▸ **WORK REQUIRED**
Reproduce the listing that follows in full. Omit its images.

▸ **DATA BLOCK**
━━━━━━━━━━━━━━━━━━━━
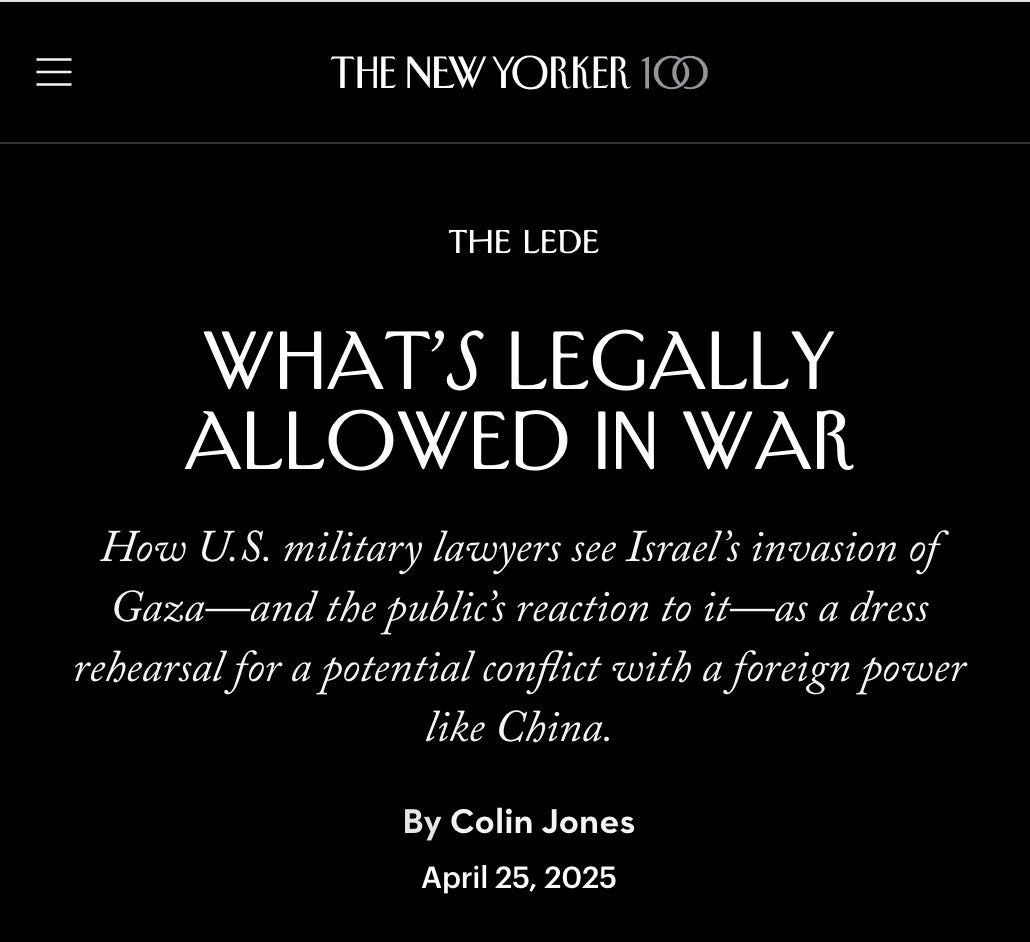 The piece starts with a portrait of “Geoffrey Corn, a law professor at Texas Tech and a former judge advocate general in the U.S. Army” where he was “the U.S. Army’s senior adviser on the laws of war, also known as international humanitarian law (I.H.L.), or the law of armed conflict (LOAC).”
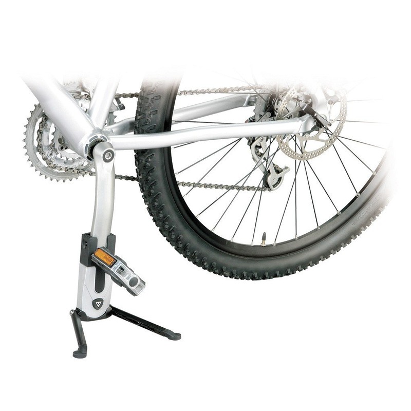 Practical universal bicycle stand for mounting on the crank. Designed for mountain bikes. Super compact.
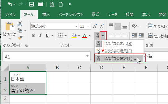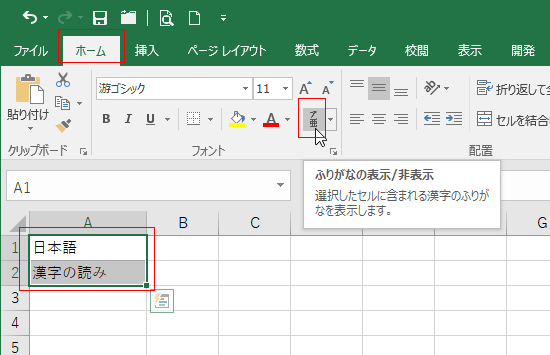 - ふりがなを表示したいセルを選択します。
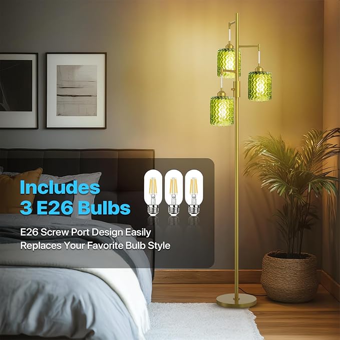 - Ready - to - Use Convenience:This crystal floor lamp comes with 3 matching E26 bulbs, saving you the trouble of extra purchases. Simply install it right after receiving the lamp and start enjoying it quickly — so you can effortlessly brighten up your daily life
━━━━━━━━━━━━━━━━━━━━
▸ **REPLY TO THE EXERCISE**
 The piece starts with a portrait of “Geoffrey Corn, a law professor at Texas Tech and a former judge advocate general in the U.S. Army” where he was “the U.S. Army’s senior adviser on the laws of war, also known as international humanitarian law (I.H.L.), or the law of armed conflict (LOAC).”
 Practical universal bicycle stand for mounting on the crank. Designed for mountain bikes. Super compact.
 - ふりがなを表示したいセルを選択します。
 - Ready - to - Use Convenience:This crystal floor lamp comes with 3 matching E26 bulbs, saving you the trouble of extra purchases. Simply install it right after receiving the lamp and start enjoying it quickly — so you can effortlessly brighten up your daily life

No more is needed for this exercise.